[ASSIGNMENT]: Every line of the material needs an exact copy, apart from the images.

[DATA]:
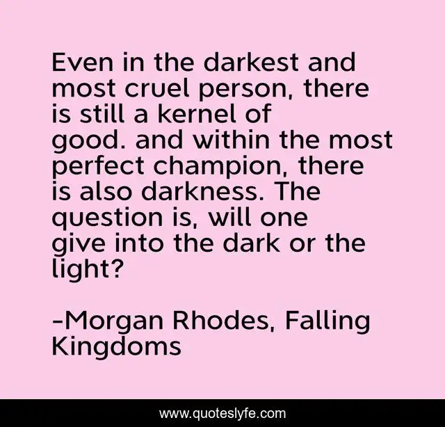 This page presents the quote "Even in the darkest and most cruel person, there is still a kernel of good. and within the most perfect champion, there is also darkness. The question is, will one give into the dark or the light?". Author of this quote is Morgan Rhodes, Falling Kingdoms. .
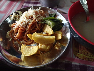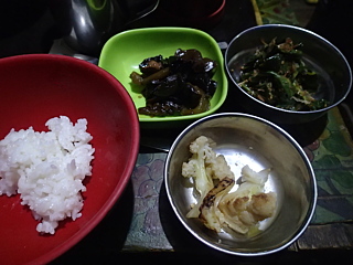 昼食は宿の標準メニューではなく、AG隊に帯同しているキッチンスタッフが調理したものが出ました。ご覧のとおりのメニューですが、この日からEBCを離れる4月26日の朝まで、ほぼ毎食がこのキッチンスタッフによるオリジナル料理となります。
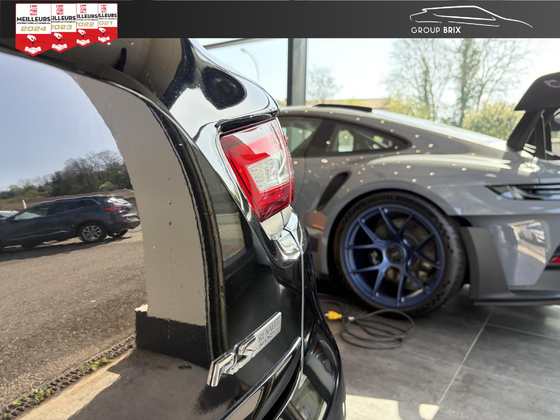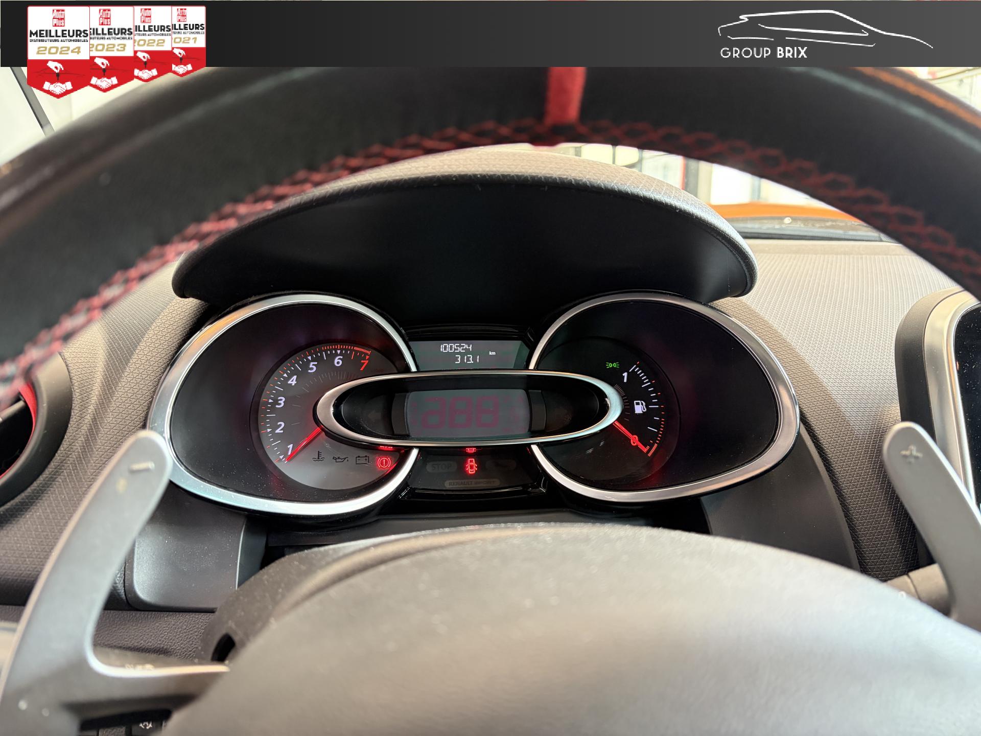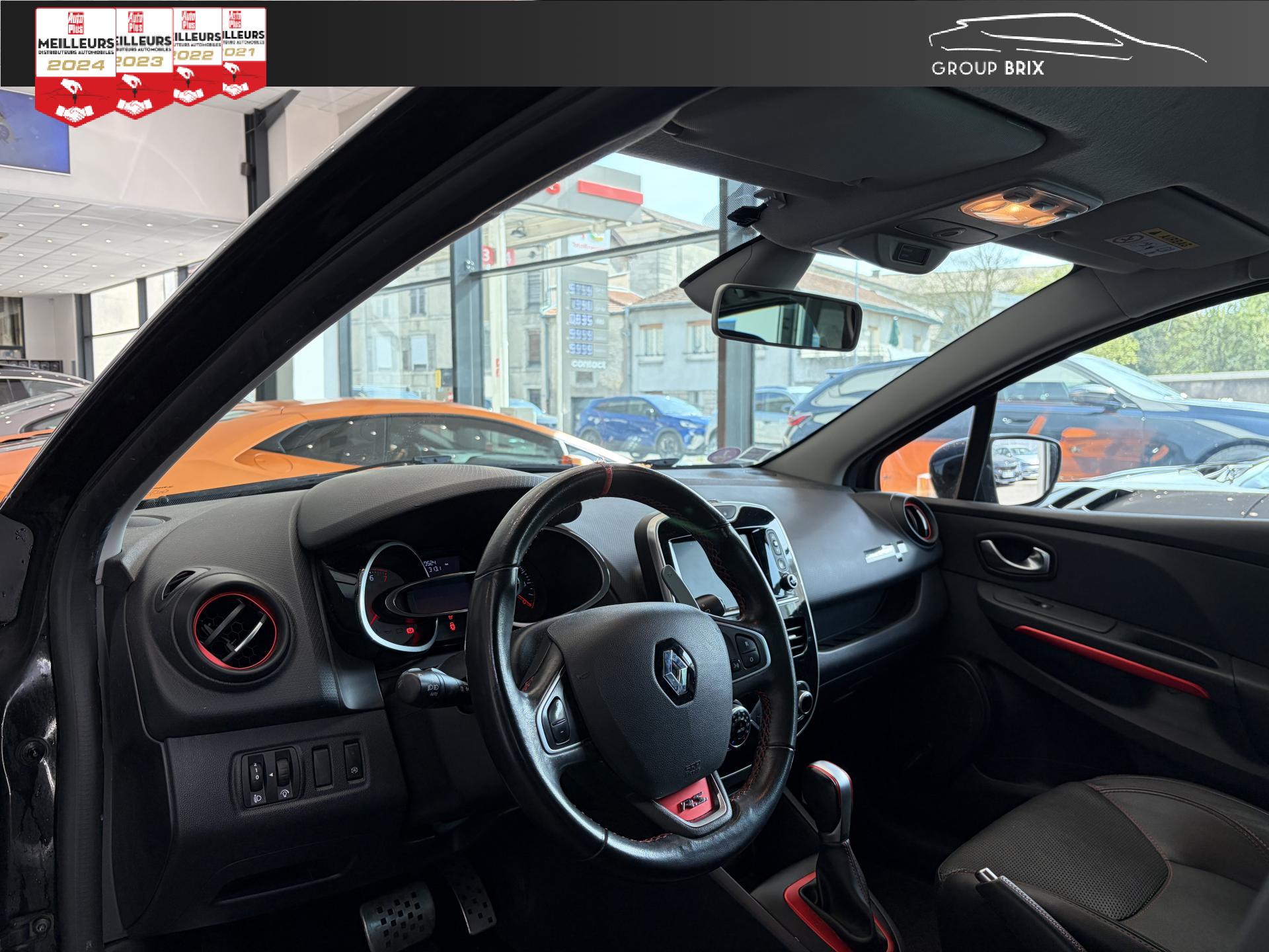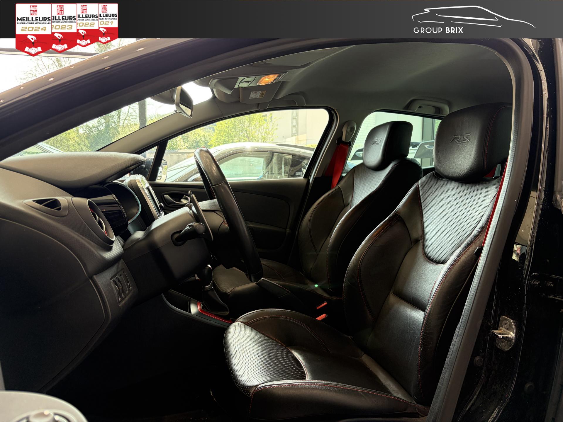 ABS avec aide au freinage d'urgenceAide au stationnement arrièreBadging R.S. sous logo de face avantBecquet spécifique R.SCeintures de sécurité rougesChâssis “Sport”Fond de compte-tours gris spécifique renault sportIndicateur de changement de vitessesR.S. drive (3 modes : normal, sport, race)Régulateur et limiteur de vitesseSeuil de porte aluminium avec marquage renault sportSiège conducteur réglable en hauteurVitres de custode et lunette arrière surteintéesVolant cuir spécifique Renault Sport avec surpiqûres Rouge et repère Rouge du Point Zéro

[ANSWER BOX]:
 This page presents the quote "Even in the darkest and most cruel person, there is still a kernel of good. and within the most perfect champion, there is also darkness. The question is, will one give into the dark or the light?". Author of this quote is Morgan Rhodes, Falling Kingdoms. .
 昼食は宿の標準メニューではなく、AG隊に帯同しているキッチンスタッフが調理したものが出ました。ご覧のとおりのメニューですが、この日からEBCを離れる4月26日の朝まで、ほぼ毎食がこのキッチンスタッフによるオリジナル料理となります。
 ABS avec aide au freinage d'urgenceAide au stationnement arrièreBadging R.S. sous logo de face avantBecquet spécifique R.SCeintures de sécurité rougesChâssis “Sport”Fond de compte-tours gris spécifique renault sportIndicateur de changement de vitessesR.S. drive (3 modes : normal, sport, race)Régulateur et limiteur de vitesseSeuil de porte aluminium avec marquage renault sportSiège conducteur réglable en hauteurVitres de custode et lunette arrière surteintéesVolant cuir spécifique Renault Sport avec surpiqûres Rouge et repère Rouge du Point Zéro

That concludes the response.